TODO: clear explanation, less blather. Until then, see ScSm02, which is a very well-written textbook covering an unbelievable amount of ground without pausing to make a fuss fuss, or MaAm14, which is more narrowly focussed on just the Mercer-kernel part, or ChLi09 from an approximation-theory perspective.

Spoiler: you upgrade your old boring linear algebra on finite (usually low-) dimensional spaces to sexy new curvy algebra on potentially-infinite-dimensional manifolds. Or, if you’d like, to apply statistical learning methods based on things with an obvious finite vector space representation (\(\mathbb{R}^n\)) to things without one (Sentences, piano-rolls, \(\mathcal{C}^d_\ell\)).

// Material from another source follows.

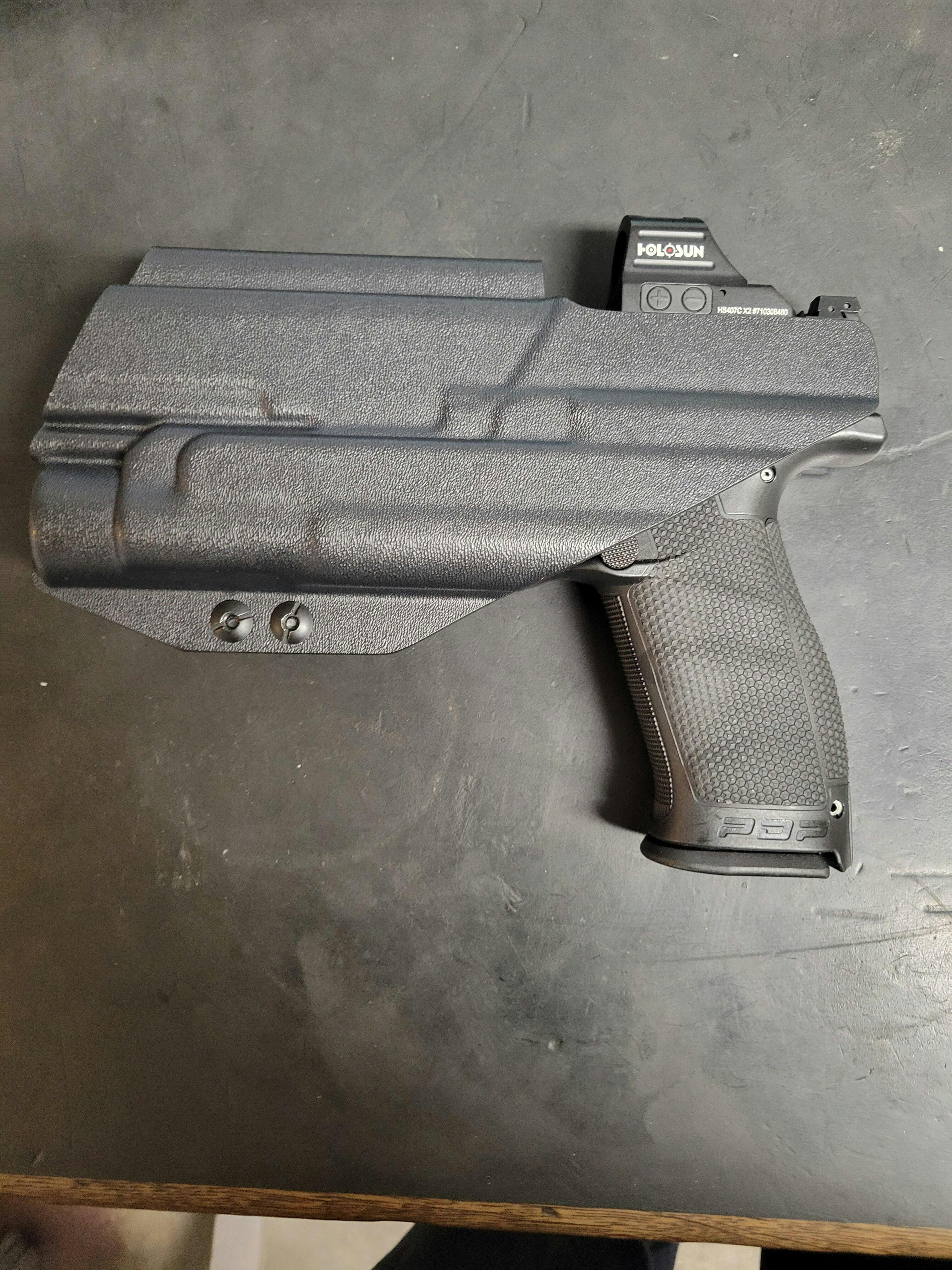 Each holster is formed, trimmed, and folded in-house. Final fit and function tests are done with the actual pistol and light to ensure the holster fits the gun/light combination and has the correct amount of retention.

The other use that I’ve seen of the kernel trick is to show something clever about your learning method in terms of fancy kernel representations through formal mathematics. This one is nice to keep in mind, because practically, kernel methods have serious problems with scalability - problems that even afflict me with a mere \(N\simeq 10^5\) data points, since the Gram matrix of inner products might not admit of any accurate representation in less than the \(N(N-1)/2\) dimensions.

TODO: discuss covariance matrices, positive definite matrices, mention convenient nexus of SVMs and learning theory etc.

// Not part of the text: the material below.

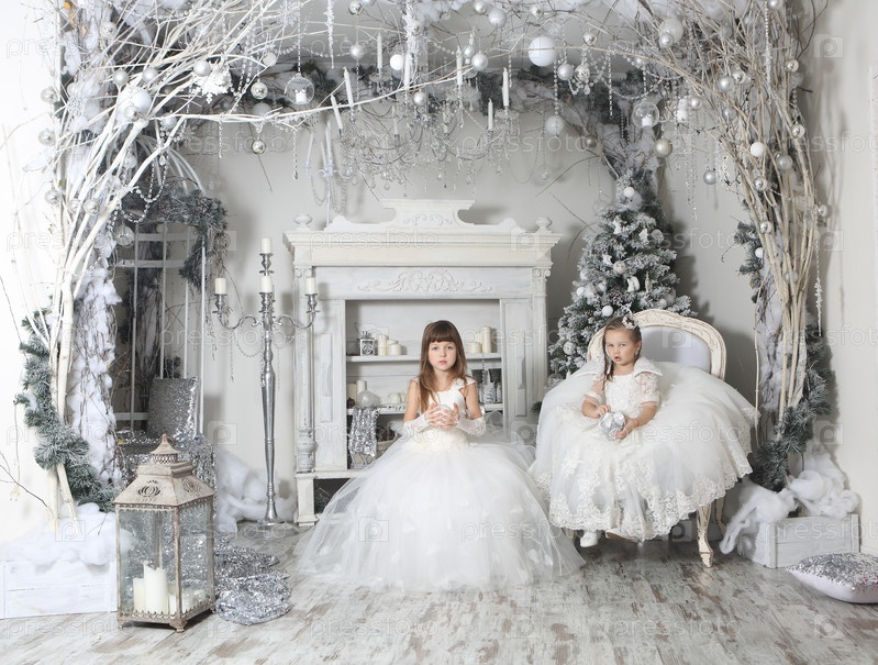 Две красивые девочки в белых платьях в новогоднем интерьере

I’m especially interested in

  1. Nonparametric kernel independence tests
  2. efficient kernel pre-image approximation.
  3. connection between kernel PCA and clustering (SKSB98 and Will01)
  4. kernel regression with rbfs
  5. kernel layers in neural networks

Automating kernel design has some weird hacks. See the Automated statistician project by David Duvenaud, James Robert Lloyd, Roger Grosse and colleagues. For traditionalists, one of the co-authors has written a page on doing kernel design by hand. See the GSFT12 for a mind-melting compositional kernel diagram.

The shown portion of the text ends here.